RFR: 8277204: Implementation of JEP 8264130: PAC-RET protection for Linux/AArch64 [v8]

Andrew Haley aph at openjdk.java.net
Thu Dec 9 17:16:20 UTC 2021


On Thu, 2 Dec 2021 09:20:53 GMT, Alan Hayward <duke at openjdk.java.net> wrote:

>> PAC is an optional feature in AArch64 8.3 and is compulsory in v9. One
>> of its uses is to protect against ROP based attacks. This is done by
>> signing the Link Register whenever it is stored on the stack, and
>> authenticating the value when it is loaded back from the stack. If an
>> attacker were to try to change control flow by editing the stack then
>> the authentication check of the Link Register will fail, causing a
>> segfault when the function returns.
>> 
>> On a system with PAC enabled, it is expected that all applications will
>> be compiled with ROP protection. Fedora 33 and upwards already provide
>> this. By compiling for ARMv8.0, GCC and LLVM will only use the set of
>> PAC instructions that exist in the NOP space - on hardware without PAC,
>> these instructions act as NOPs, allowing backward compatibility for
>> negligible performance cost (2 NOPs per non-leaf function).
>> 
>> Hardware is currently limited to the Apple M1 MacBooks. All testing has
>> been done within a Fedora Docker image. A run of SpecJVM showed no
>> difference to that of noise - which was surprising.
>> 
>> The most important part of this patch is simply compiling using branch
>> protection provided by GCC/LLVM. This protects all C++ code from being
>> used in ROP attacks, removing all static ROP gadgets from use.
>> 
>> The remainder of the patch adds ROP protection to runtime generated
>> code, in both stubs and compiled Java code. Attacks here are much harder
>> as ROP gadgets must be found dynamically at runtime. If/when AOT
>> compilation is added to JDK, then all stubs and compiled Java will be
>> susceptible ROP gadgets being found by static analysis and therefore
>> potentially as vulnerable as C++ code.
>> 
>> There are a number of places where the VM changes control flow by
>> rewriting the stack or otherwise. I’ve done some analysis as to how
>> these could also be used for attacks (which I didn’t want to post here).
>> These areas can be protected ensuring the pointers to various stubs and
>> entry points are stored in memory as signed pointers. These changes are
>> simple to make (they can be reduced to a type change in common code and
>> a few addition sign/auth calls in the backend), but there a lot of them
>> and the total code change is fairly large.
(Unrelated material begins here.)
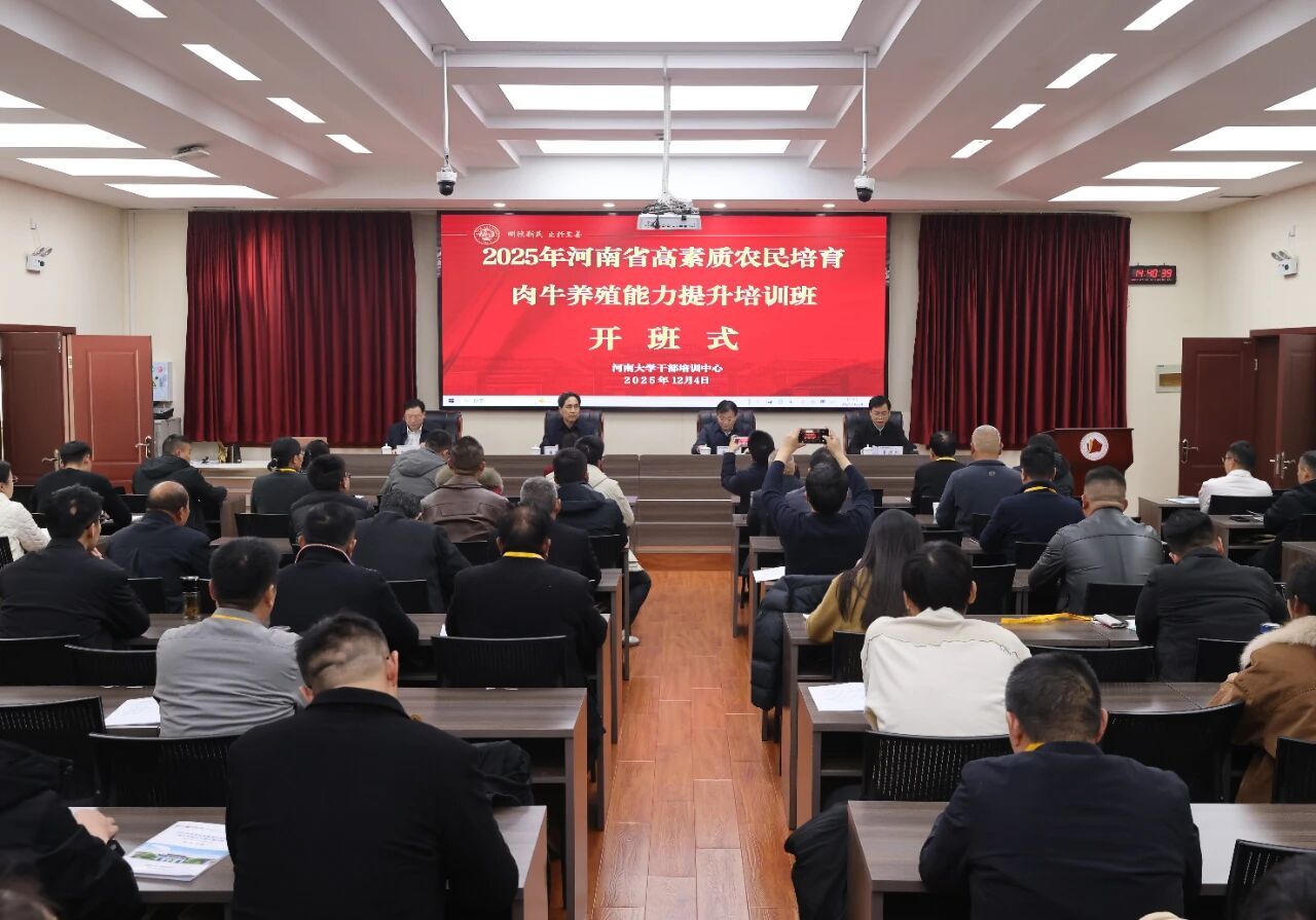 12月4日,2025年河南省高素质农民培育 肉牛养殖能力提升培训班在我校举行。河南省农业农村厅一级巡视员马万里,河南大学党委副书记李平,河南省农业农村厅总畜牧师、二级研究员白跃宇出席开班式。开班式由河南大学干部培训中心(继续教育学院)党总支书记韦胜军主持,来自全省肉牛养殖从业者参加培训。
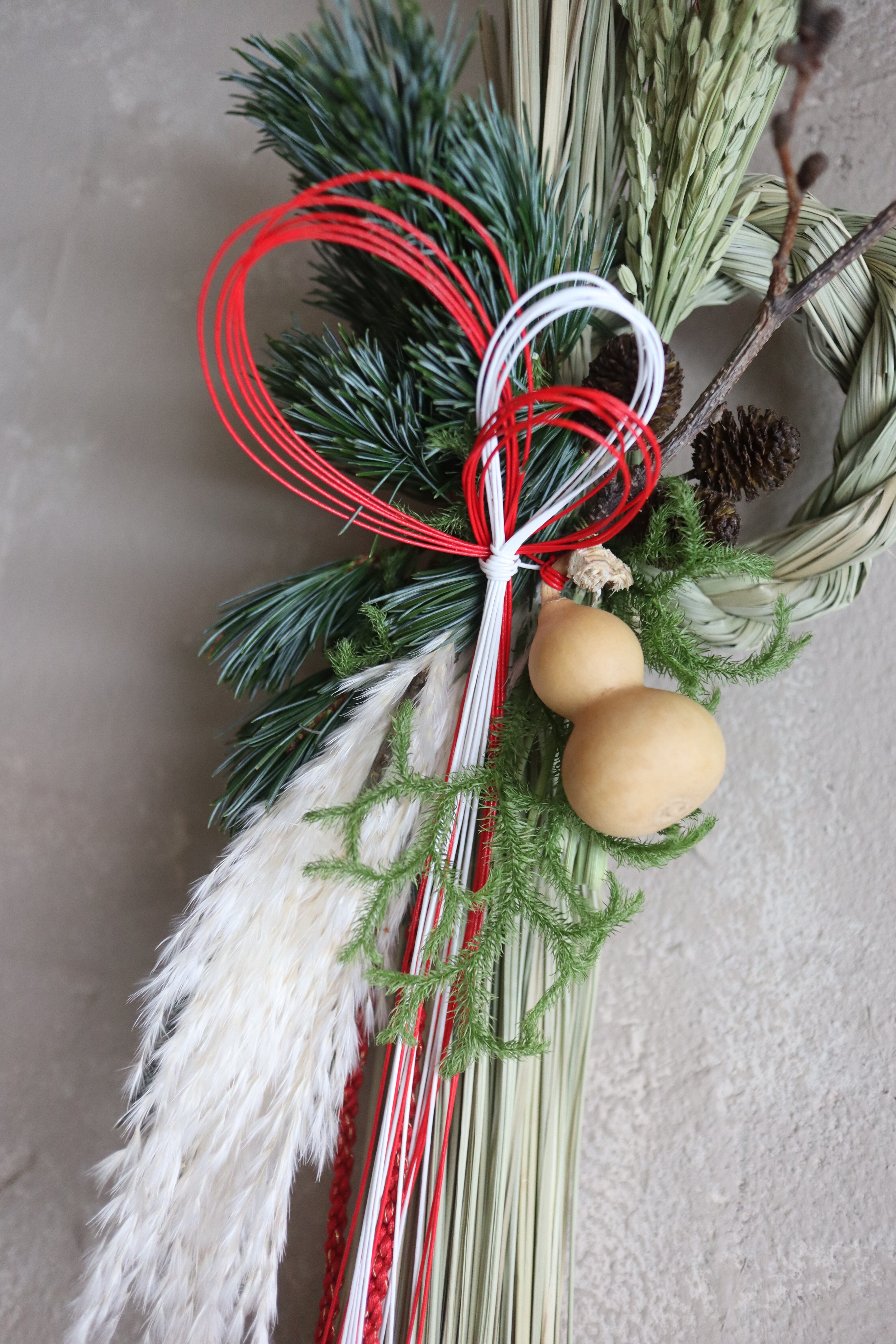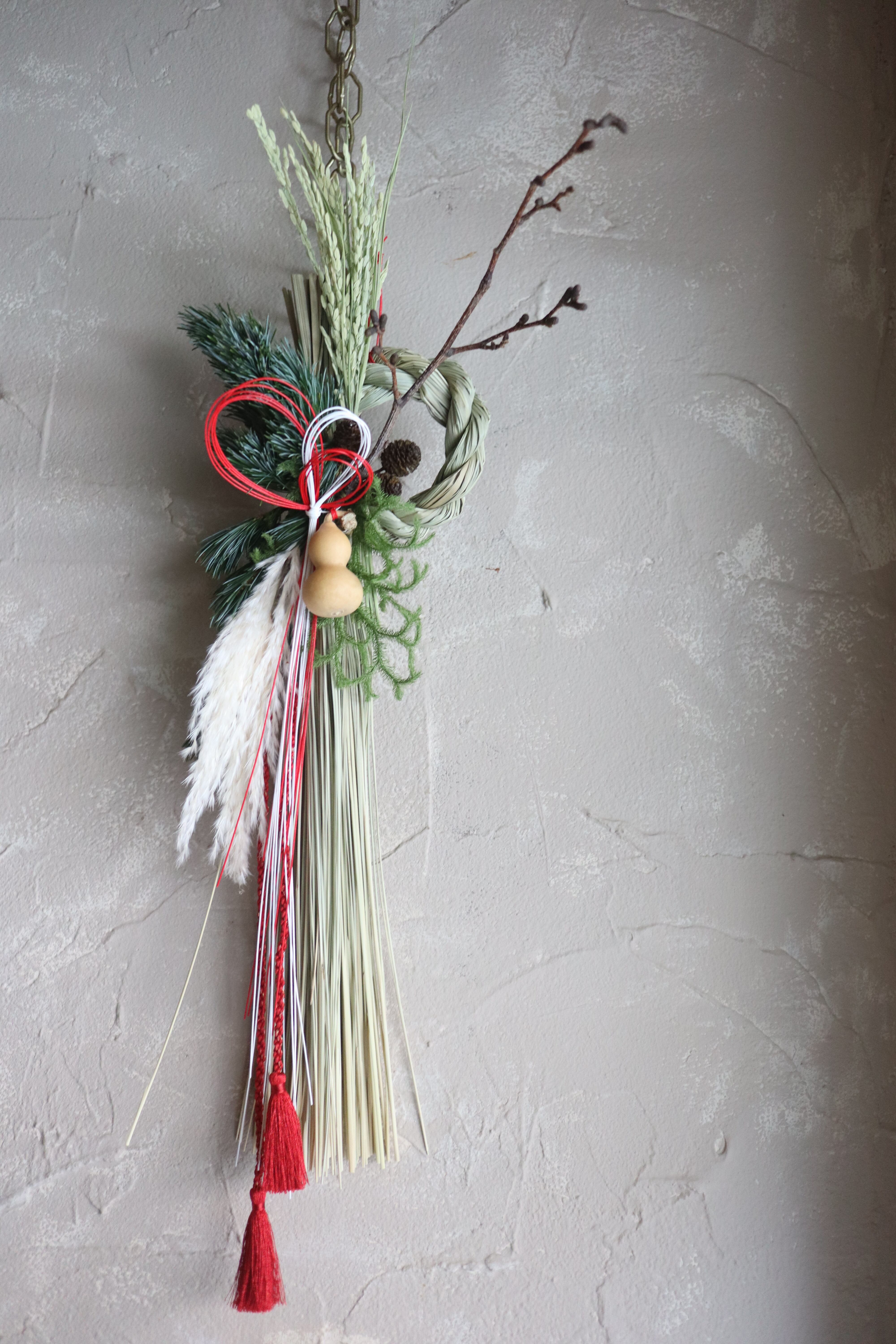 ▶しめ縄に五葉松、稲穂、ヒカゲカズラ、豆ひょうたん、ハンの木、パンパス等をあしらったお正月飾りです。

I’m happy to provide a few
>> work in progress patches.
>> 
>> In order to match the security benefits of the Apple Arm64e ABI across
>> the whole of JDK, then all the changes mentioned above would be
>> required.
>
> Alan Hayward has updated the pull request incrementally with one additional commit since the last revision:
> 
>   Fix up UseROPProtection flag

make/autoconf/flags-cflags.m4 line 902:

> 900:   BRANCH_PROTECTION_CFLAGS=""
> 901:   UTIL_ARG_ENABLE(NAME: branch-protection, DEFAULT: auto,
> 902:       RESULT: USE_BRANCH_PROTECTION, AVAILABLE: $BRANCH_PROTECTION_AVAILABLE,

What exactly is going on here? Is it that if the host compiler has "branch protection" supported, we will build with it on by default? if so, no, we don't want to do that. For now, branch protection should be an explicit opt in.